The owner of the farm is an elderly man named Hershel, pictured right, who uses his veterinary skills to patch up the wounded. He invites the group to stay, but only until their party is healed up, and as long as they meet all of his conditions. Within the first few days one member of the group manages to feed the shooter to zombies while another sleeps with Hershel's daughter. Oops.
Last week, during Season 2, Episode 5, we learn that Hershel's barn is locked up tight because -- it's full of zombies! AAAAHHHHHHHH! Why would he do this? Well, I have a couple of theories to share with you.

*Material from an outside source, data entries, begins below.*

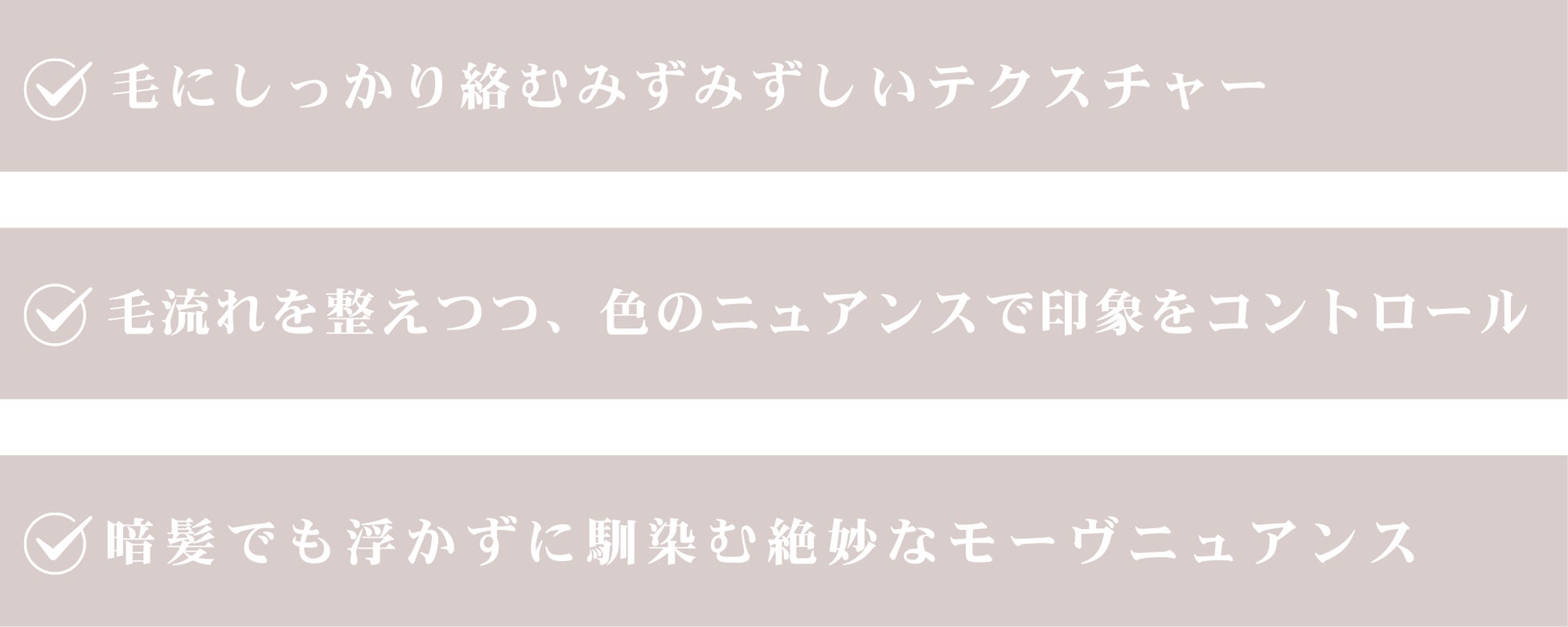 みずみずしいテクスチャーが毛1本1本に絡み、自然な毛流れを整えながら色そのものがまなざしを静かに引き締めます。
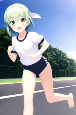 masterpiece, best quality, A cute girl, dark-green eyes, {dark blue buruma}, high-waisted buruma, low-leg, gym uniform, flat chest, white green hair, short hair, {{white hachimaki}}, white headband, barefoot, running pose, in schoolyard, at clear sky
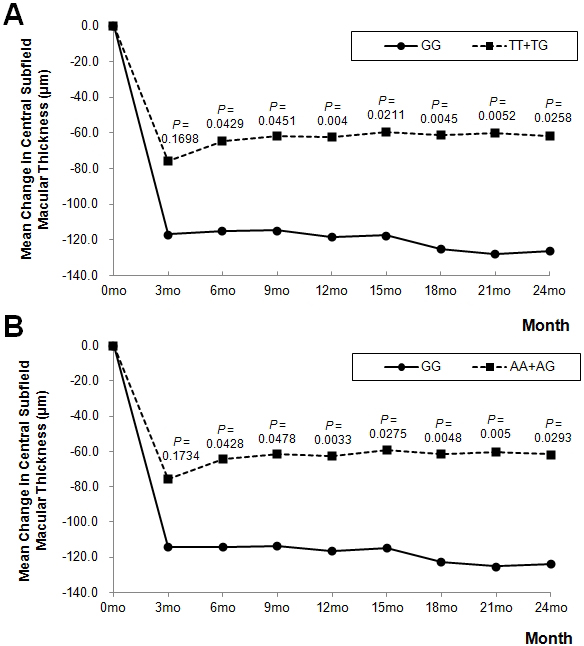 Figure 2. Mean change in central subfield macular thickness during 24-month follow-up according to the 10q26 locus polymorphisms (
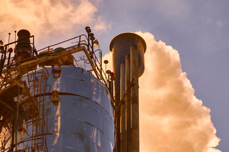 Distillation column at a chemical plant releasing vapor into the sky during sunset, showcasing industrial processes and operations
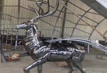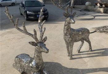 大型不銹鋼鏡面梅花鹿雕塑,美化園林景觀擺件
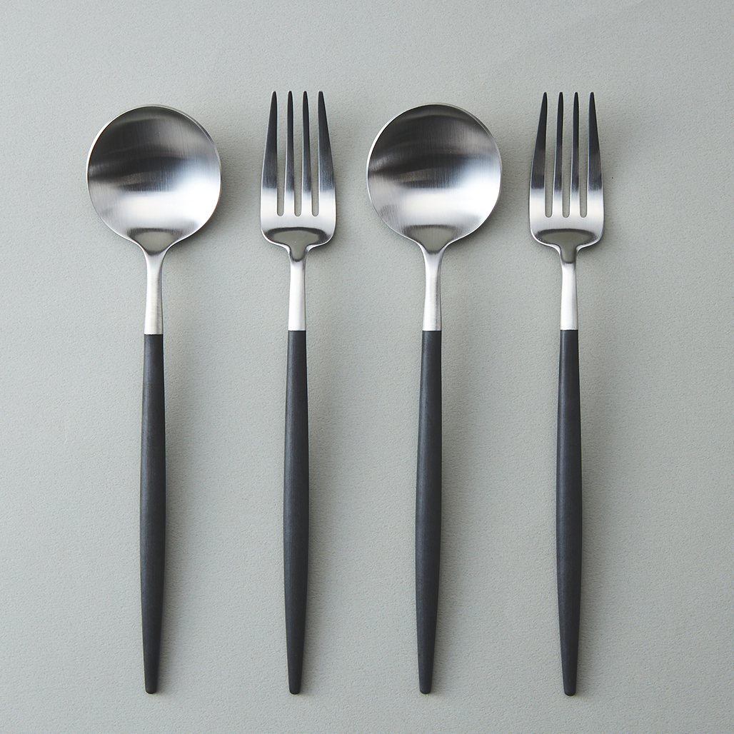 | ゴアブラック×シルバー ディナーペア4本セット | テーブルスプーン×2 テーブルフォーク×2 |
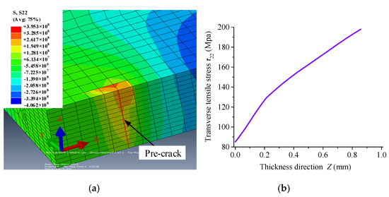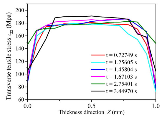 Figure 22 shows the transverse tensile stress at the crack front along the direction of material thickness at the moment of propagation under the action of a dual-surface heat source at different times. As is shown, the maximum transverse tensile stress zone under the action of a dual-surface heat source is located at the middle section of the crack root. This indicates that the difference in the maximum transverse tensile stress zone and its gradient at the crack front edge under different heat sources determines their different crack-propagation modes and their fracture quality. According to this study, the distribution of the transverse tensile stress at the crack front edge determines the distribution of fracture quality.

The comic version of The Walking Dead already explains that family and neighbors are among the "dead ones" in his barn. Perhaps he couldn't bear the thought of slamming them in the head with a shovel and ending what's left of their pitiful existence. Personally, if one of my family members wanted to feast on my flesh I'd have no qualms about taking them out. Maybe Hershel just couldn't bring himself to see them "die" once and for all.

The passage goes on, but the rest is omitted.